What is needed: In your copy, drop the images and return each record exactly as it stands.

(Stored entries)

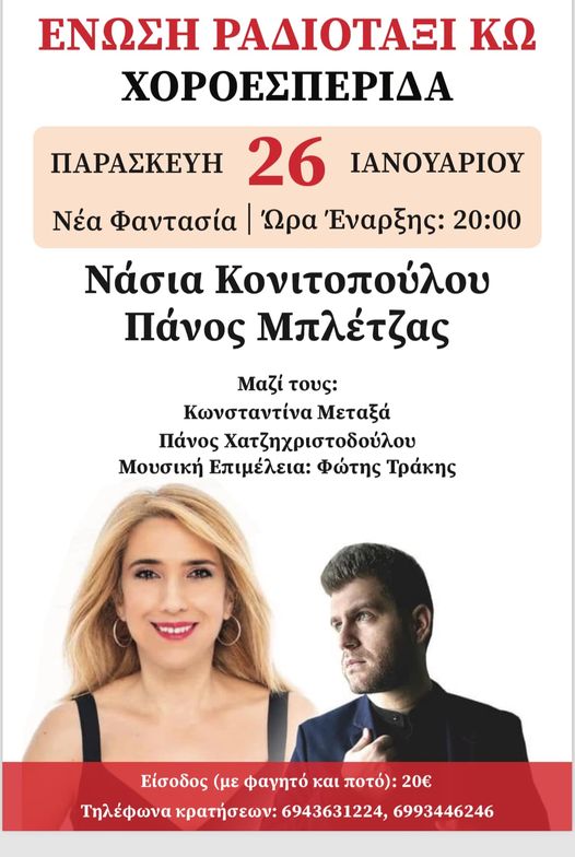 Ένωση Ραδιοταξί Κω: Χοροεσπερίδα στις 26/1
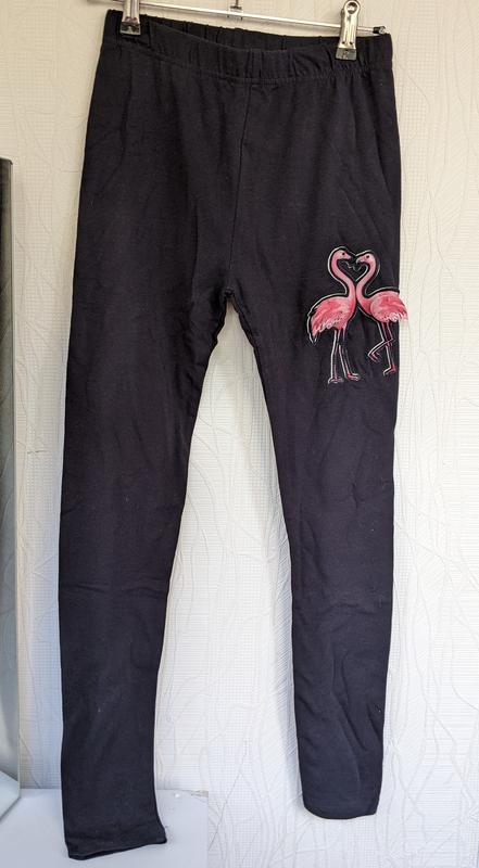 Леггинсы на девочку, нашивка с фламинго, крылышки объемные. Состав: 95% - хлопок. 5% - эластан. Размер по бирке: 16.
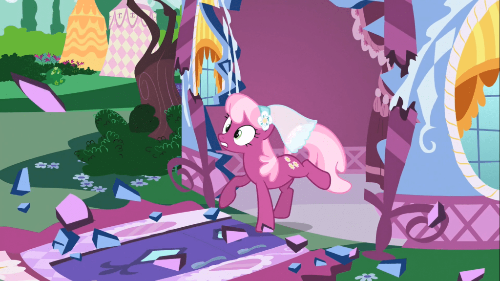 The romantic tension is there, and I feel it’s much more evident to adult viewers than to child viewers. I think this episode is probably the most fleshed out Cheerilee gets in the entire show. This poor lady doesn’t get to be in the spotlight much, always a side character in the Cutie Mark Crusaders’ episodes. But here, we do get hints of her romantic side plus some light snarking… at least until they drink the potion.
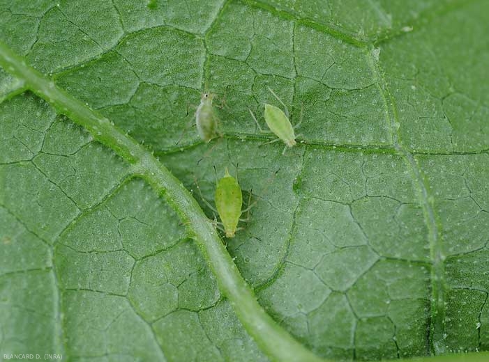 The aphids, subsequent to their nutritional bites are reponsables punctuation chlorotic and deformation of young leaves that have tendency to curl and roughly blister (Figures 1 and 2). Leaves, like fruits (Figures 3 and 4) can be colonized. A reduction in the growth of young shoots, or even plants, can be observed.
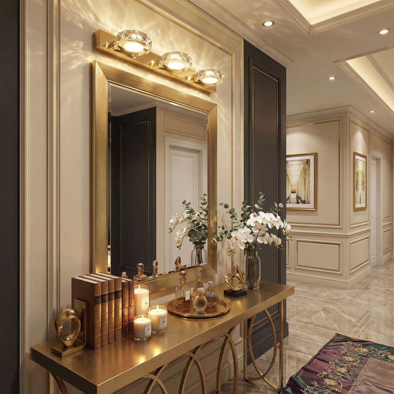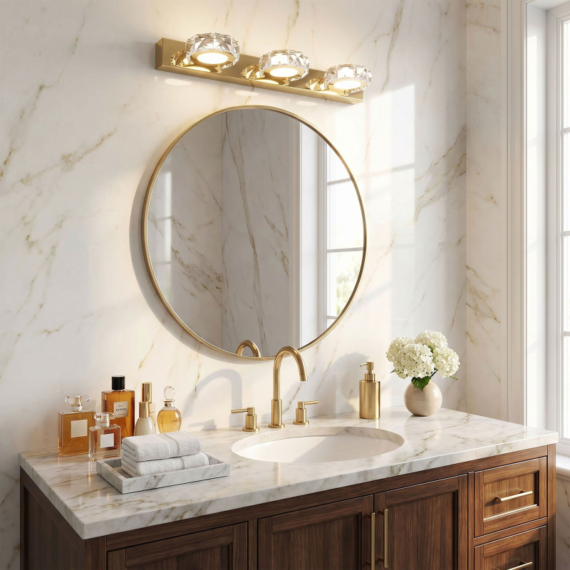 Výjimečné zlaté LED nástěnné svítidlo je ideální volbou pro ty, kteří oceňují luxusní provedení a působivé detaily. Toto stylové svítidlo zaujme elegantní formou a jemným leskem, který dokonale podtrhuje charakter interiéru. Skvěle se hodí jako dekorativní nástěnné osvětlení a dodává prostoru výjimečnou atmosféru i nádech elegance. Nástěnné svítidlo je vybaveno kulatými stínidly vyrobenými z prvků broušených do podoby křišťálu, které krásně rozptylují světlo. Paprsky pronikající skrz ně vytvářejí na stěnách i v okolí působivé světelné odlesky a vnášejí do interiéru příjemnou, náladovou atmosféru plnou lesku. Zlatá elegantní konstrukce se dokonale doplňuje s křišťálovými detaily a vytváří harmonický a luxusní celek. Svítidlo se skvěle hodí do glamour, modern classic i elegantních moderních interiérů, kde slouží nejen jako zdroj světla, ale také jako sofistikovaná dekorace. Je to ideální volba do koupelny, chodby nebo reprezentativních prostor, kde hraje hlavní roli styl, elegance a výjimečný vizuální efekt.
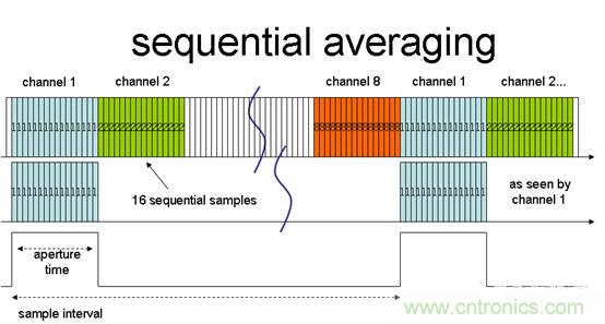 這種傳統(tǒng)的對(duì)單一通道信號(hào)進(jìn)行多次轉(zhuǎn)換后才轉(zhuǎn)到下一個(gè)通道的平均模型被稱(chēng)為序列平均。這種方法存在一些限制,主要問(wèn)題在于會(huì)降低多通道環(huán)境中的可用采樣率,包括被平均的通道和序列中不需要平均的通道。

Response below:
 Ένωση Ραδιοταξί Κω: Χοροεσπερίδα στις 26/1
 Леггинсы на девочку, нашивка с фламинго, крылышки объемные. Состав: 95% - хлопок. 5% - эластан. Размер по бирке: 16.
 The romantic tension is there, and I feel it’s much more evident to adult viewers than to child viewers. I think this episode is probably the most fleshed out Cheerilee gets in the entire show. This poor lady doesn’t get to be in the spotlight much, always a side character in the Cutie Mark Crusaders’ episodes. But here, we do get hints of her romantic side plus some light snarking… at least until they drink the potion.
 The aphids, subsequent to their nutritional bites are reponsables punctuation chlorotic and deformation of young leaves that have tendency to curl and roughly blister (Figures 1 and 2). Leaves, like fruits (Figures 3 and 4) can be colonized. A reduction in the growth of young shoots, or even plants, can be observed.
 Výjimečné zlaté LED nástěnné svítidlo je ideální volbou pro ty, kteří oceňují luxusní provedení a působivé detaily. Toto stylové svítidlo zaujme elegantní formou a jemným leskem, který dokonale podtrhuje charakter interiéru. Skvěle se hodí jako dekorativní nástěnné osvětlení a dodává prostoru výjimečnou atmosféru i nádech elegance. Nástěnné svítidlo je vybaveno kulatými stínidly vyrobenými z prvků broušených do podoby křišťálu, které krásně rozptylují světlo. Paprsky pronikající skrz ně vytvářejí na stěnách i v okolí působivé světelné odlesky a vnášejí do interiéru příjemnou, náladovou atmosféru plnou lesku. Zlatá elegantní konstrukce se dokonale doplňuje s křišťálovými detaily a vytváří harmonický a luxusní celek. Svítidlo se skvěle hodí do glamour, modern classic i elegantních moderních interiérů, kde slouží nejen jako zdroj světla, ale také jako sofistikovaná dekorace. Je to ideální volba do koupelny, chodby nebo reprezentativních prostor, kde hraje hlavní roli styl, elegance a výjimečný vizuální efekt.
 這種傳統(tǒng)的對(duì)單一通道信號(hào)進(jìn)行多次轉(zhuǎn)換后才轉(zhuǎn)到下一個(gè)通道的平均模型被稱(chēng)為序列平均。這種方法存在一些限制,主要問(wèn)題在于會(huì)降低多通道環(huán)境中的可用采樣率,包括被平均的通道和序列中不需要平均的通道。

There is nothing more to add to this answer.